» **Your assignment**: Transcribe every line of the material below exactly, leaving out the pictures.

» **Collected material**:
+ + + +
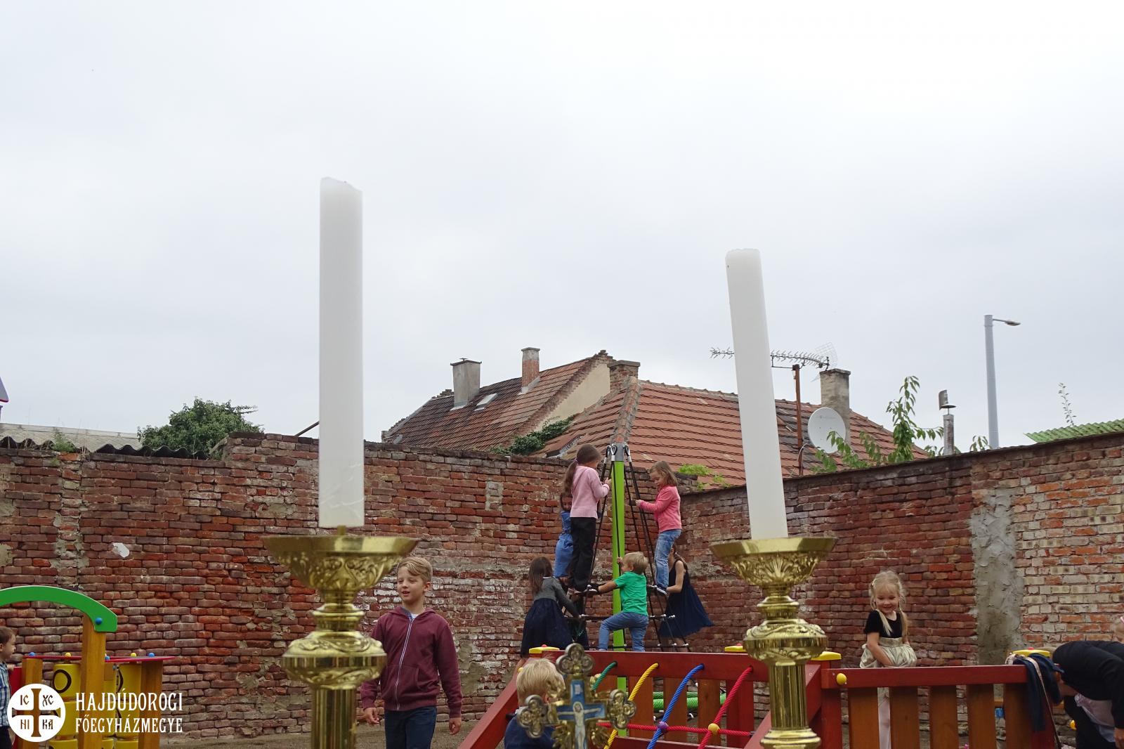 A Liturgia végén a gyermekek és pedagógusok tanévkezdő áldásban részesültek. Majd közösen átvonultak a szomszédes telekre, ahol a metropolita megáldotta az újonnan elkészült játszóteret.
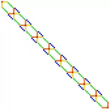 The method has been extended to the Generalized Rybicki-Press algorithm for inverting matrices with entries of the form .[2] The key observation in the Generalized Rybicki-Press (GRP) algorithm is that the matrix is a semi-separable matrix with rank (that is, a matrix whose upper half, not including the main diagonal, is that of some matrix with matrix rank and whose lower half is also that of some possibly different rank matrix[2]) and so can be embedded into a larger band matrix (see figure on the right), whose sparsity structure can be leveraged to reduce the computational complexity. As the matrix has a semi-separable rank of , the computational complexity of solving the linear system or of calculating the determinant of the matrix scales as , thereby making it attractive for large matrices.[2]
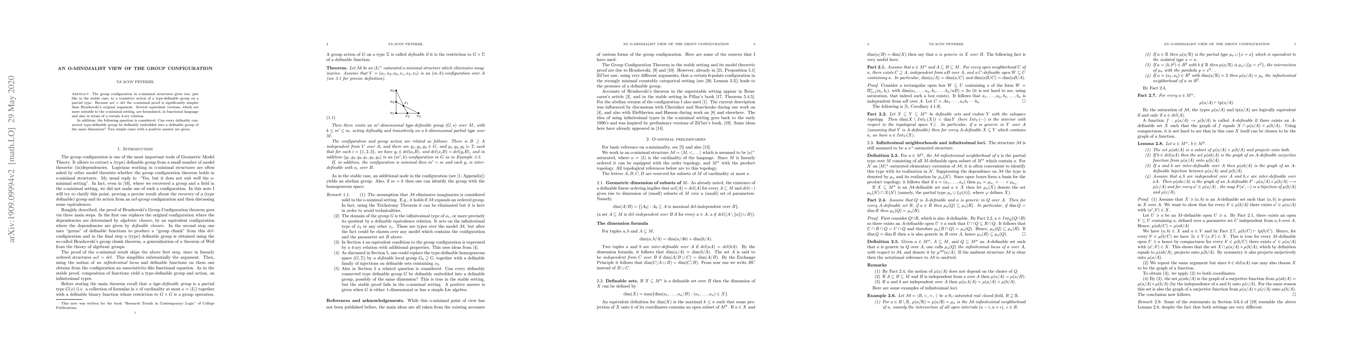 A new proof simplifies the group configuration in o-minimal structures, showing a transitive action of a type-definable group on a partial type. The study also explores the possibility of definably connected groups being embedded into others with the same dimension.
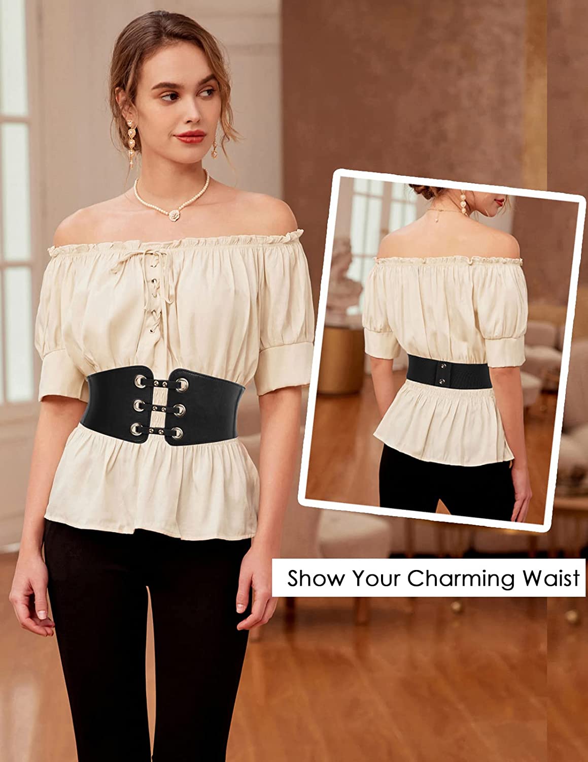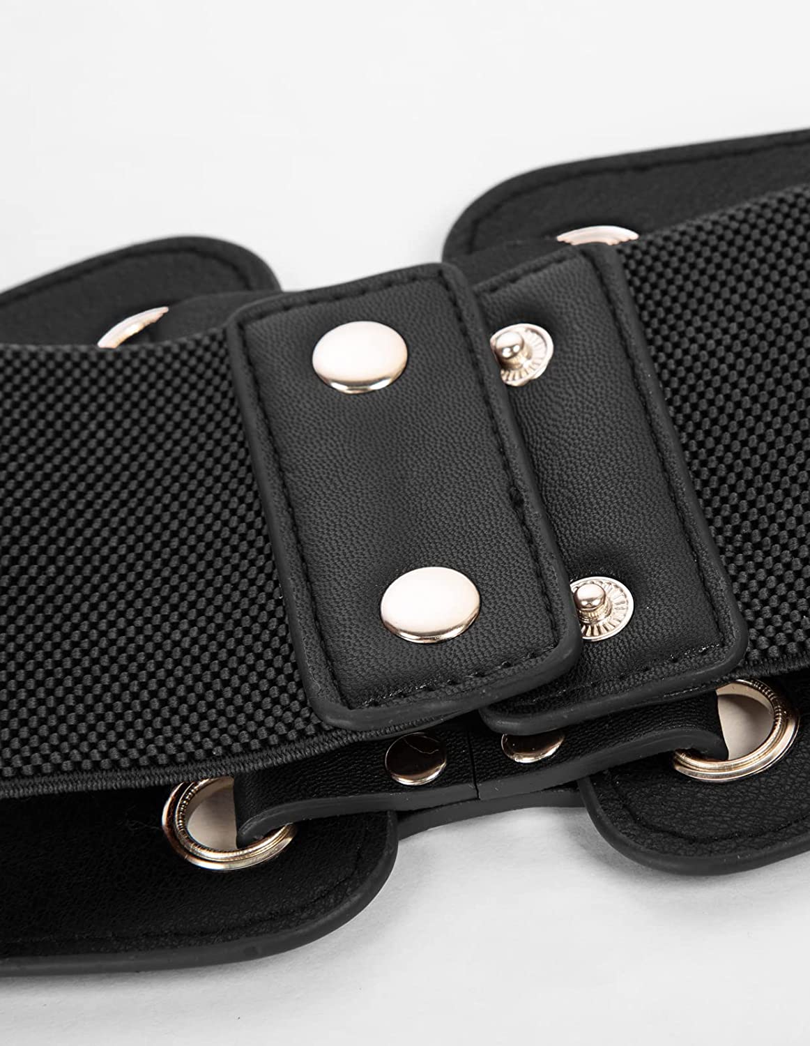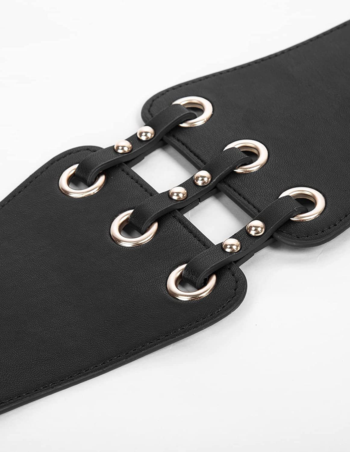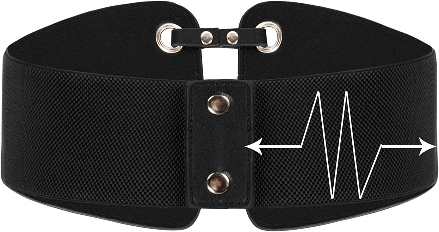 • The elastic cinch waistband is made from strong elastic. It's allowing the belt to stretch comfortably around your waist. Classic vintage design leather rivets connect corset belt, high-quality PU leather belt with well elastic wide band
+ + + +
» **Answer area**:
 A Liturgia végén a gyermekek és pedagógusok tanévkezdő áldásban részesültek. Majd közösen átvonultak a szomszédes telekre, ahol a metropolita megáldotta az újonnan elkészült játszóteret.
 The method has been extended to the Generalized Rybicki-Press algorithm for inverting matrices with entries of the form .[2] The key observation in the Generalized Rybicki-Press (GRP) algorithm is that the matrix is a semi-separable matrix with rank (that is, a matrix whose upper half, not including the main diagonal, is that of some matrix with matrix rank and whose lower half is also that of some possibly different rank matrix[2]) and so can be embedded into a larger band matrix (see figure on the right), whose sparsity structure can be leveraged to reduce the computational complexity. As the matrix has a semi-separable rank of , the computational complexity of solving the linear system or of calculating the determinant of the matrix scales as , thereby making it attractive for large matrices.[2]
 A new proof simplifies the group configuration in o-minimal structures, showing a transitive action of a type-definable group on a partial type. The study also explores the possibility of definably connected groups being embedded into others with the same dimension.
 • The elastic cinch waistband is made from strong elastic. It's allowing the belt to stretch comfortably around your waist. Classic vintage design leather rivets connect corset belt, high-quality PU leather belt with well elastic wide band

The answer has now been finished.